AlvisNLP

corpus processing engine

OpenNLPDocumentCategorizer

Synopsis

Categorizes documents with a model trained with OpenNLPDocumentCategorizerTrain .

This module is experimental.

Description

OpenNLPDocumentCategorizer uses a model trained with OpenNLPDocumentCategorizerTrain to categorize unlabeled documents.

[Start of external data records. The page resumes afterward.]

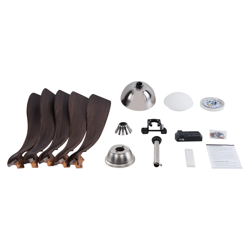 52in LED Ceiling Fan Light 3 Colors Ceiling Fan Lamp Bedroom w/ Remote Control Description This ceiling fan light allows you to feel the bright light and enjoy the coolness at the same time. It has six gears of wind speeds with a timing function to meet your daily usage needs, and y ou can also reverse the direction of the fan in winter. It can be integrated with different decoration styles and is ideal to create an excellent life and sleep environment to accompany you in all seasons. Key Features Sturdy and Durable: This product is made of iron, ABS and hardware with a painting process, with high hardness, high abrasion resistance , anti-corrosion , anti-rust to ensure your long-term use. Suitable for Winter and Summer: It has a forward and reverse function that the normal mode of the fan can bring coolness in summer, while the winter reverse mode can be combined with heating to press down the warm air and increase the air convection rate, creating a 360-degree ambient heating flow. Outstanding Lighting Effect: With the powerful light source, this product provides you with an excellent lighting effect within 86.11-161.46ft² , while protecting your eyes as the lighting will not flicker. Healthy and Energy-saving: The ceiling fan light provides more comprehensive air circulation and cooling, thereby reducing the frequency and time of air conditioning use, saving energy, and reducing expenses. It can avoid direct blowing and reduce the risk of air conditioning diseases. Adjustable Design: This product has three adjustable light colors (white, warm, and neutral ) and adjustable color temperature, so you can adjust it to meet your different needs. The fan's airspeed can be adjusted by 6 gears. In addition, you can control its working time in advance (1/2/4 hours) through the remote control (9.84-16.4ft), which will provide more convenience. Low Noise: I t uses a pure copper motor and runs with very little noise(35dB). Whether you're sleeping, working, or just trying to relax, it runs gently without disturbing others. High Applicability: A wide voltage range of 85-265V can be applied to most of the household's electricity needs. Fashionable Appearance: The ABS fan blades and simple brown color create a minimalist atmosphere that can be blended with different décor styles to add flair to your room. Easy to Clean: Thanks to the simple structure and smooth surface, you can easily wipe it clean with a rag (not included). Details Sturdy Base: This circular base increases the stress area, making the product more stable. Selectable Suspension Rods: The 4.72" and 7.87 " suspension rods provide you with the flexibility to install this ceiling fan according to your needs. Smooth Edges: The smooth and burr-free edges can effectively improve the safety of use. Application With an illumination area of 86.11-161.46ft² , it is suitable for a bedroom, living room, kitchen, dining room, corridor, aisle, balcony, study, reading room, living room, cafe, store, bar, office, lounge, library, club, hotel, kindergarten, and so on. It is not only suitable for indoor lighting but also can be used as a ceiling fan. Specifications Material: Hardware, Iron, ABS Process: Painting Color: Brown Efficiency: E Assembly Required: Yes Light Source: LED(Included) Motor Type: Pure Copper Motor Forward and Reverse Function: Yes Control: Remote(Included), Wall Switch(Not Included) Mount Type: Ceiling Mount Indoor/Outdoor Usage: Indoor Style: Modern Light Colors: White, Warm, Neutral Timing: 1/2/4H Wind Speed Gears: 6 Remote Control Battery Type: 2*AA Batteries(Included) Color Temperature: 3000-4500-6000K Luminous Flux: 2200LM Motor Power: 35W Light Source Power: 24W Voltage: 85-265V Noise: 35dB Remote Control Distance: 3-5m/9.84-16.4ft Irradiation Area: 8-15m²/86.11-161.46ft² Fan Suitable Area: 15-20m²/161.46-215.28ft² Gross Weight: 7.7kg/16.98lbs Net Weight: 6.5kg/14.33lbs Base Diameter: 15cm/5.91in Suspension Rods Height: 12cm/4.72in, 20cm/7.87in Overall Product Length: 132cm/52in Package Size: 80*33*29cm/31.5*12.99*11.42in Package Included 1* Ceiling Fan Light 1* Remote Control 1* English Manual All Accessories for Assembly Notes For a safe and secure installation, please ensure that the electrical box to which this fixture will be mounted is properly attached to a structural member of the building. Please make sure the power is cut off before installation. To ensure your safety, we recommend that two people install it together. Please install it by someone with an electrical license if necessary. Please wear electric insulation gloves (not included) and avoid scratching the surface of the item and the electric wire when installing. Please use it within the applicable voltage range and clean it regularly. Please cut off the power supply when you clean the item. Please wipe with a soft cotton cloth and do not use household cleaning agents. Please use it in a dry environment. It is not suitable for outdoors and bathrooms. Please keep flammable materials away from lit fixtures. Please read the operating manual completely before use. And pay particular attention to the safety instructions included. Please allow the slight color difference caused by the shooting light and 1-3cm error due to manual measurement, and make sure you do not mind before you order. Payment Delivery details Terms of sales About us Contact us Payment We accept ebay payment 。 Fees such as import duties, taxes are not included in the item price or shipping costs. These charges are the buyer's responsibility. Delivery details Shipping: 2-9 working days to: USA Terms of sales We maintain high standards of excellence and strive for hundred percent customer satisfaction. Feedback is very important to us. We hope that you contact us immediately before you give neutral or negative feedback, so that we can address your concerns. It is impossible to address issues if we do not know about them! About us Your satis faction is our ultimate goal. We work hard to e
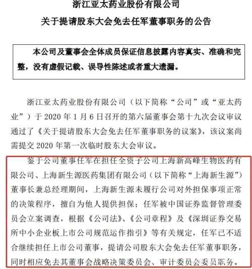 2020年1月7日,亞太藥業(yè)發(fā)布公告,提請股東大會免去上海新高峰董事長兼總經(jīng)理任軍的董事職務(wù)。
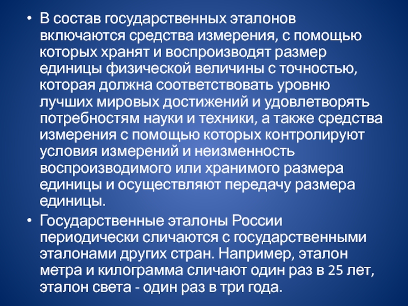 Государственные эталоны России периодически сличаются с государственными эталонами других стран. Например, эталон метра и килограмма сличают один раз в 25 лет, эталон света - один раз в три года.
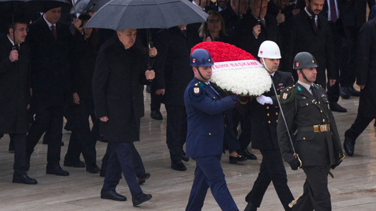 TBMM Başkanı Numan Kurtulmuş'un, Atatürk Anıtı'na kırmızı ve beyaz karanfillerden oluşan çelenk bırakmasının ardından saygı duruşunda bulunuldu, İstiklal Marşı okundu.
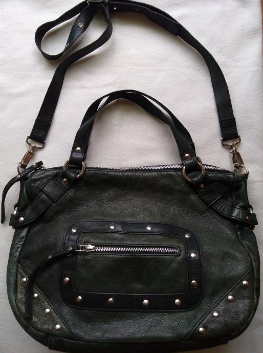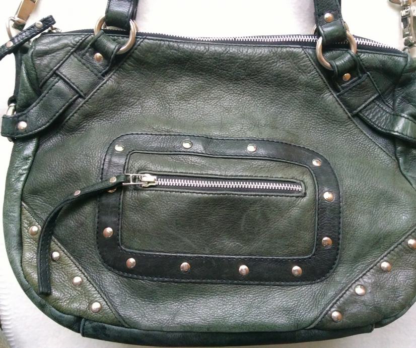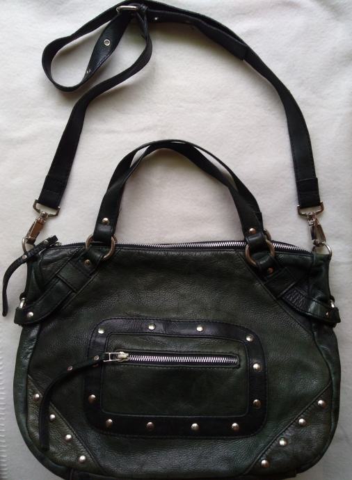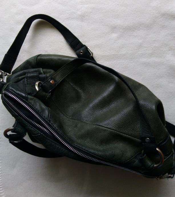 Za nositi u ruci ili preko ramena, očuvana, lijepe tamnozelene boje, prava koža, kupljena u Rimu, izuzetno mekana i kvalitetna, dimenzije: širina 36 cm, visina 27 cm, dubina 14 cm, izvrsna!
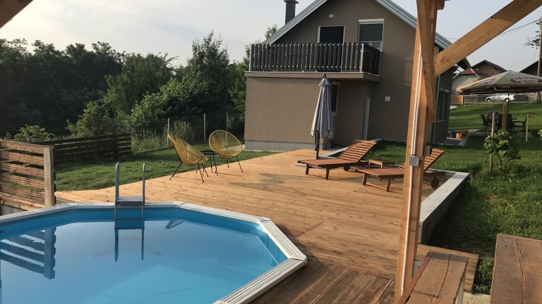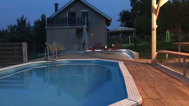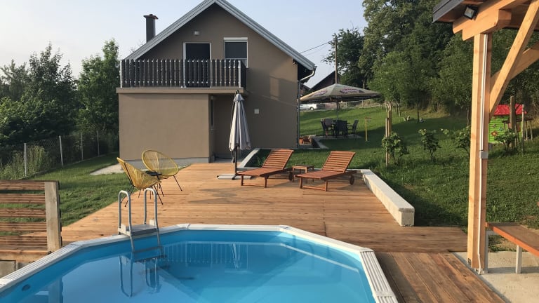 Entdecken Sie das Kuća za odmor David-privatni bazen in Donja Zelina, Zagreb, und genießen Sie einen erholsamen Aufenthalt in diesem Ferienhaus mit eigenem Pool und Garten. Das Haus bietet komfortable Zimmer, eine voll ausgestattete Küche und kostenfreies WLAN. Entspannen Sie am Außenpool oder erkunden Sie die Umgebung mit dem Fahrrad. Der Zoo Zagreb und der Maksimir-Park sind nur eine kurze Autofahrt entfernt.

The documents are specified by documents . The classifier algorithm uses the document content specified by tokens and form .

Snippet

<opennlpdocumentcategorizer class="OpenNLPDocumentCategorizer">
    <categoryFeature></categoryFeature>
    <model></model>
</opennlpdocumentcategorizer>

Mandatory parameters

categoryFeature

Mandatory
Type: String

Feature where to store the predicted category.

model

Mandatory

Model file generated with OpenNLPDocumentCategorizerTrain .

Optional parameters

scoreFeature

Optional
Type: String

Feature where to store the score of the predicted category.

scoresFeaturePrefix

Optional
Type: String

Prefix of feature names where to store the score of each category.

documents

Default value: `documents`
Type: Expression

Elements to classify. This expression is evaluated from the corpus.

form

Default value: `@form`
Type: Expression

Form of the token. This expression is evaluated as a string from the token.

tokens

Default value: `sections.layer:words`
Type: Expression

Tokens of the elements to classify. This expression is evaluated as a list of elements from the element to classify.

Deprecated parameters